DATA SEGMENT:
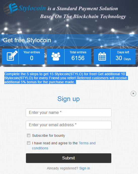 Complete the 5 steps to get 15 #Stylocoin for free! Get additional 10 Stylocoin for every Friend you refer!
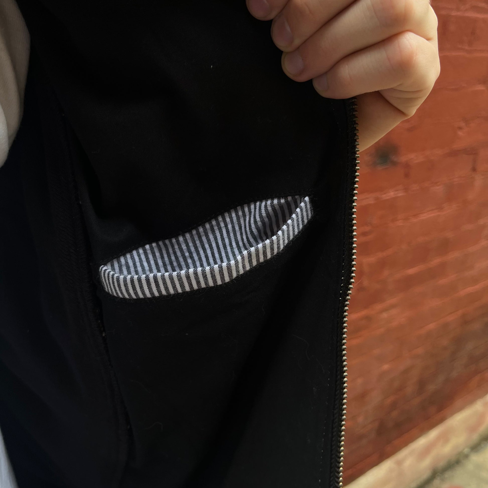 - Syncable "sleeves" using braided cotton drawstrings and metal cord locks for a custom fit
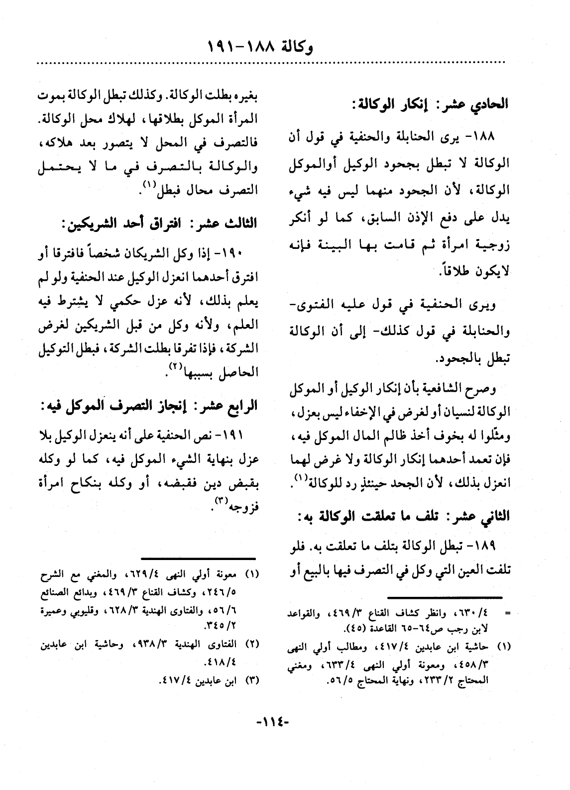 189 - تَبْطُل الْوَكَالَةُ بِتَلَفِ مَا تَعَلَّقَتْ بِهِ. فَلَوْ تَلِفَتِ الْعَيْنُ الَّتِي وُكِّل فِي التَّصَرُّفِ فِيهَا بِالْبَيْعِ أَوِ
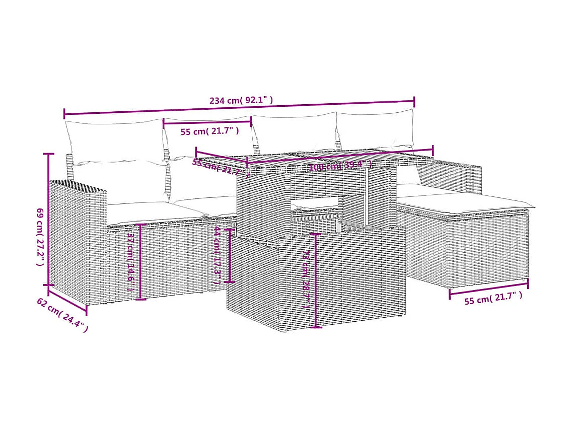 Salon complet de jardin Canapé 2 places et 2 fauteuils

ABOUT THIS EXERCISE:
Omit the pictures and print the listing exactly.

RESPONSE TO THE TASK:
 Complete the 5 steps to get 15 #Stylocoin for free! Get additional 10 Stylocoin for every Friend you refer!
 - Syncable "sleeves" using braided cotton drawstrings and metal cord locks for a custom fit
 189 - تَبْطُل الْوَكَالَةُ بِتَلَفِ مَا تَعَلَّقَتْ بِهِ. فَلَوْ تَلِفَتِ الْعَيْنُ الَّتِي وُكِّل فِي التَّصَرُّفِ فِيهَا بِالْبَيْعِ أَوِ
 Salon complet de jardin Canapé 2 places et 2 fauteuils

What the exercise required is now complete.